To execute the job (and set string parameters), use:
curl "http://JENKINS_HOST/job/MY_JOB_NAME/build"
curl "http://JENKINS_HOST/job/MY_JOB_NAME/buildWithParameters?PARAMETER0=VALUE0&PARAMETER1=VALUE1"
See the Jenkins API Wiki page (including the comments at the end). You can fill in the gaps using the documentation provided by Jenkins itself; for example, http://JENKINS_HOST/api will give you the URL for creating a job and http://JENKINS_HOST/job/JOBNAME/api will give you the URL to trigger a build.
I highly recommend avoiding the custom creation of job configuration XML files and looking at something like the Job DSL plugin instead. This gives you a nice Groovy-based DSL to create jobs programmatically - much more concise and less error-prone.
Thanks to a GIST - https://gist.github.com/stuart-warren/7786892
Check if job exists
curl -XGET 'http://jenkins/checkJobName?value=yourJobFolderName' --user user.name:YourAPIToken
With folder plugin
curl -s -XPOST 'http://jenkins/job/FolderName/createItem?name=yourJobName' --data-binary #config.xml -H "Content-Type:text/xml" --user user.name:YourAPIToken
Without folder plugin
curl -s -XPOST 'http://jenkins/createItem?name=yourJobName' --data-binary #config.xml -H "Content-Type:text/xml" --user user.name:YourAPIToken
Create folder
curl -XPOST 'http://jenkins/createItem?name=FolderName&mode=com.cloudbees.hudson.plugins.folder.Folder&from=&json=%7B%22name%22%3A%22FolderName%22%2C%22mode%22%3A%22com.cloudbees.hudson.plugins.folder.Folder%22%2C%22from%22%3A%22%22%2C%22Submit%22%3A%22OK%22%7D&Submit=OK' --user user.name:YourAPIToken -H "Content-Type:application/x-www-form-urlencoded"
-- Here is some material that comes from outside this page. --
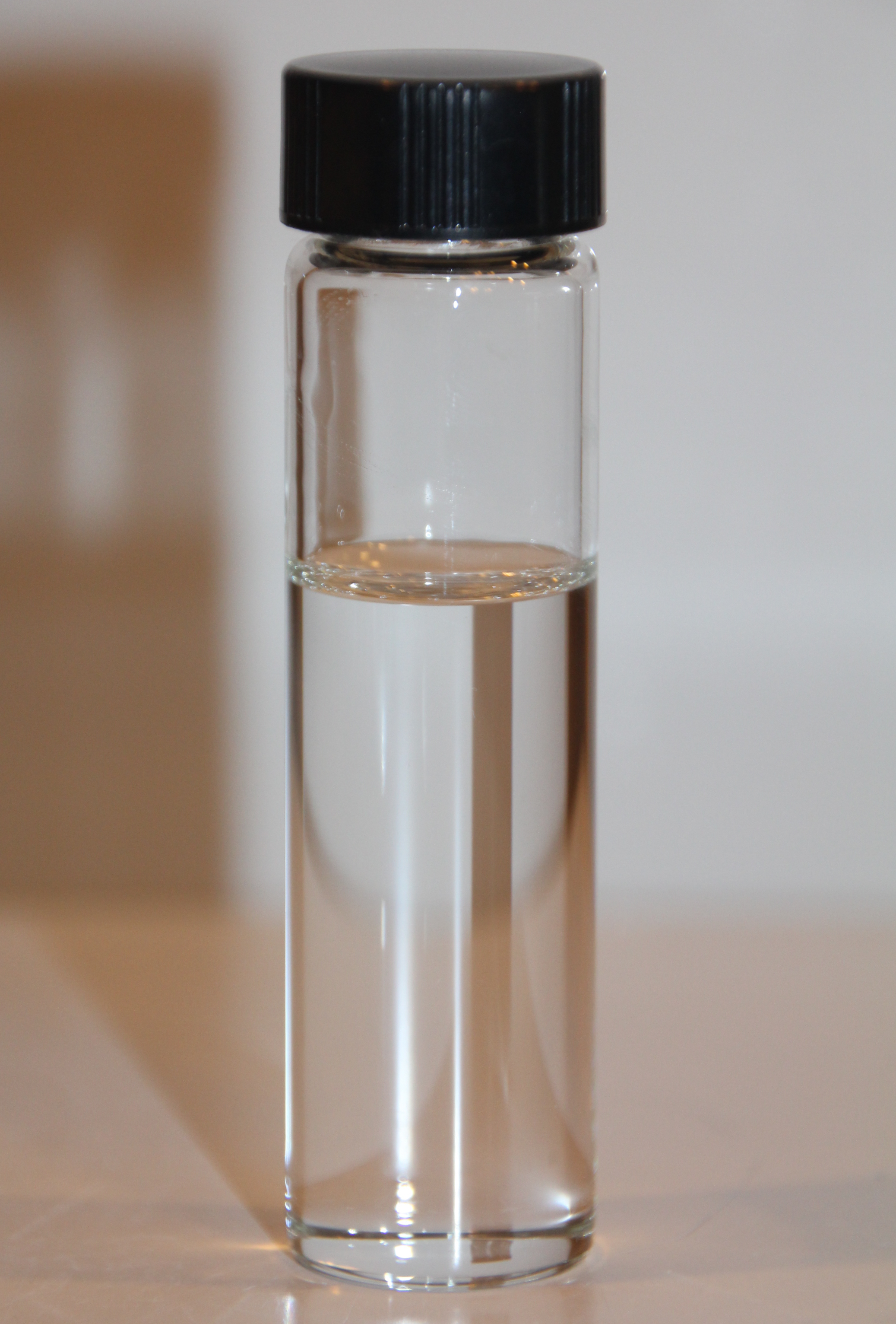 Samlpe of Ethylene glycol

If you want to create a job into a view given the view exists.
curl -X POST -H "Content-Type:application/xml" -d #build.xml "http://jenkins_host/view/viewName/createItem?name=itemName"
the build.xml filetemplate could be found in the root directory of a job's workspace
if you want to create a view:
curl -X POST -H "Content-Type:application/xml" -d #view.xml "http://jenkins_host/createView?name=viewName"
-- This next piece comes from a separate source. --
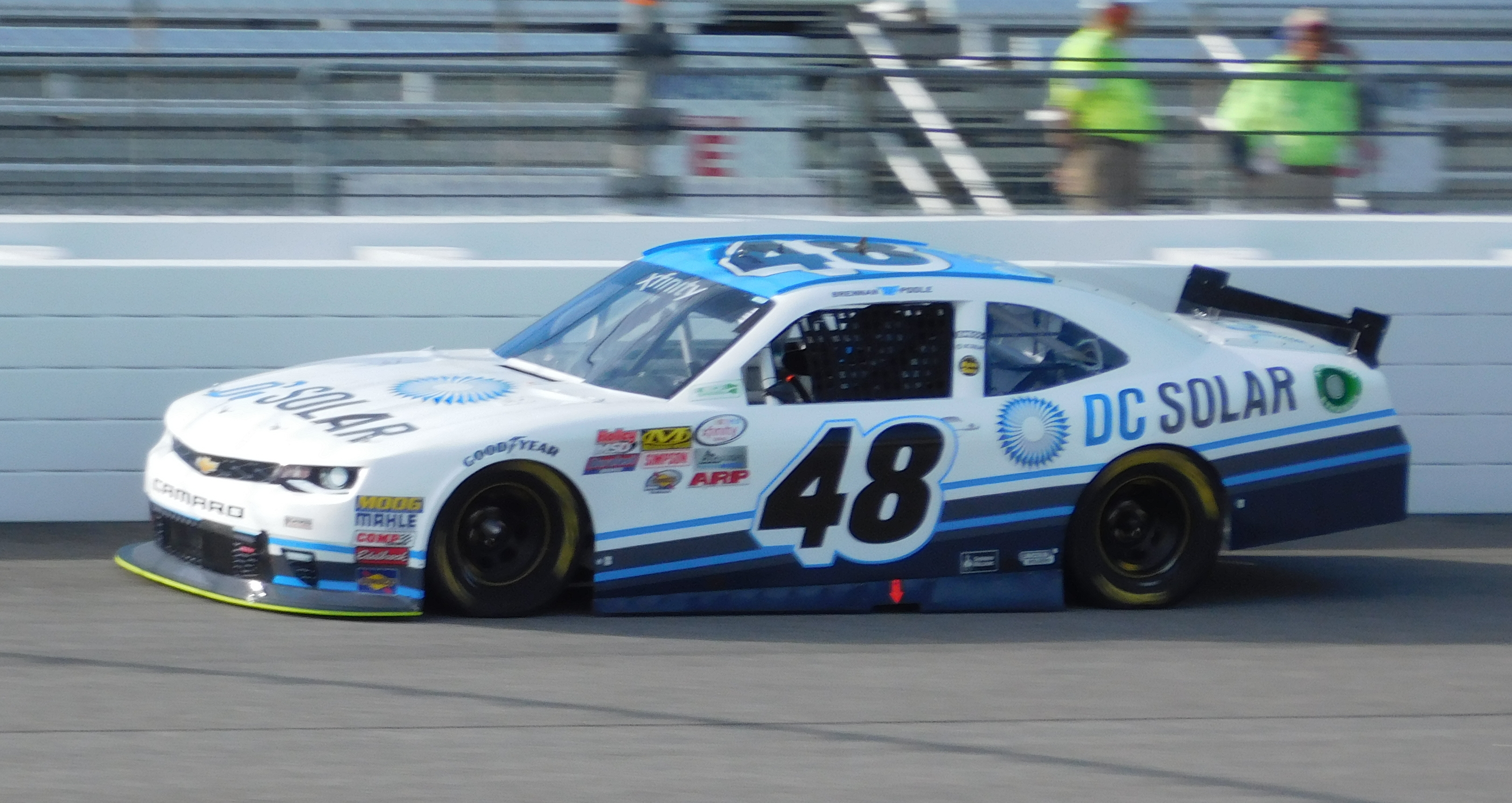 Brennan Poole's No. 48 DC Solar Chevrolet at Richmond International Raceway in 2016

the content of the file view.xml could be:
<?xml version="1.0" encoding="UTF-8"?>
<hudson.model.ListView>
<name>viewName</name>
<filterExecutors>false</filterExecutors>
<filterQueue>false</filterQueue>
<properties class="hudson.model.View$PropertyList"/>
<jobNames>
<comparator class="hudson.util.CaseInsensitiveComparator"/>
</jobNames>
<jobFilters/>
<columns>
<hudson.views.StatusColumn/>
<hudson.views.WeatherColumn/>
<hudson.views.JobColumn/>
<hudson.views.LastSuccessColumn/>
<hudson.views.LastFailureColumn/>
<hudson.views.LastDurationColumn/>
<hudson.views.BuildButtonColumn/>
</columns>
</hudson.model.ListView>
and to check if a view exists:
curl -X POST -H "Content-Type:application/xml" "http://jenkins_host/checkViewName?value=viewName"
to check if a job exists:
curl -X POST -H "Content-Type:application/xml" "http://jenkins_host/checkJobName?value=jobName"
To create a job:
curl -X POST -H "Content-Type:application/xml" -d "<project><builders/><publishers/><buildWrappers/></project>" -u username: API_Token http://JENKINS_HOST/createItem?name=AA_TEST_JOB2
To build a job:
curl -X POST -u username:API_TOKEN http://JENKINS_HOST/job/MY_JOB_NAME/build
In case you need to make the same HTTP calls using the Python requests library, instead of CURL...
Download a job config:
import requests
auth = ("username", "api_token")
url = "http://" + JENKINS_HOST + "/job/" + JOB_NAME + "/config.xml"
response = requests.get(url, auth=auth)
open('config.xml', 'wt').write(response.text)
Create a new job using same config:
url = "http://" + JENKINS_HOST + "/createItem?name=" + NEW_JOB_NAME
headers = {'content-type': 'text/xml'}
data = response.text
response = requests.post(url, auth=auth, headers=headers, data=data)
Omit auth parameter when not needed.